Los Angeles adlı bir kasabadan geçiyoruz, burası Almoraima ve Castellar'a çok yakın. Ne yazık ki Castillo de Castelları detayıyla gezme gibi bir zamanınmız yok. Bu sebeple Gibraltar'a yani Cebelitarık'a devam.

Hava bu köy yollarında kapanıyor, artık güneş yok, bulutlar tüm gökyüzünü kaplamış. Nemli ancak bunaltıcı da değildi. Güzel köy yolları arasında devam ediyoruz.

CEBELİTARIK

Bir kaç saat sonra Cebelitarık'a giriyoruz, bu dağın ihtişamı gerçekten çok etkileyici. Cebelitarık özerk bölgesine giriş için gümrükten geçmeniz gerekiyor. Aslında vize alınması gerektiğini bilmiyorduk diyebilirim.

Gümrüğün girişinde her zaman uzun bir kuyruk var. İspanya tarafından İngiliz tarafına geçişlerde vize uygulanıyor. Hem ingilizler hem de ispanyollar. Biz aradan bir yerden vize kontrolüne kadar geliyoruz. O kadar çok insan var ki anlatamam. Ben bir grupla geçiverdim ancak diğer iki arkadaş kaldılar. Ben sağa çekip bekledim, arkadaşlar biraz sonra bana seslendiler seni de çağırıyorlar diye. Ben de motoru bırakıp yürüyerek polisin yanına kadar geldim.

Daha sonra vize almanız lazım, geçiş izniniz yok geri yok dediler biz de döndük. Burası şimdiye kadar gezdiğimiz klasik güney ispanya şehirlerinden hiçbirine benzemiyor.

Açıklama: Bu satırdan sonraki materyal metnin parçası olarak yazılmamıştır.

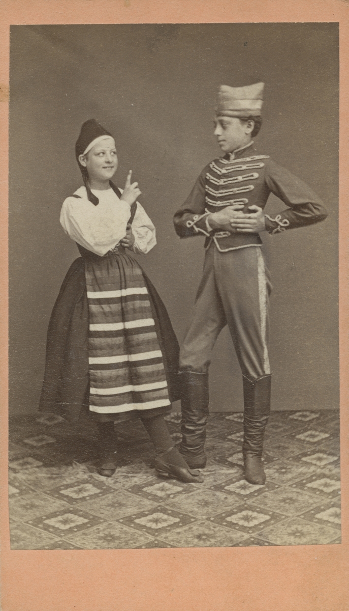 Ida Eckhéll. Pojke och flicka i folkdräkter, 1871.

Metropol gibi yoğun, karmaşık, stresli. Bu sebeple Cebelitarık ziyaretini çok uzatmadan dönme niyetindeyiz.

Zaten kalabalık, ve keşmekeş, her yer insan dolu, park edecek doğru dürüst bir yer yok. Her yerde polisler ceza kesiyorlar.

Burger King'te bir şeyler atıştırıp Malaga yoluna devam ediyoruz. Artık otoyolda ilerliyoruz. Bu seyahat bizim için bitmiştir.

Anayoldan Malaga'ya girince önce otele sonra da IMT Bike kiralama şirketine uğrayıp motorlarımızı teslim ettik.


Garajda yeni bir GS 1200 olduğunu görüp hemen test ettik. Bir de bize çok hoş davranan Tomas'la fotoğraf çektirip otele geri döndük.


Ertesi gün geri dönüyoruz. Çok şükür kazasız belasız turumuzu tamamladık.

2014 planını Norveç'e yaptık. İspanya'dan çok güzel anılarla döndük.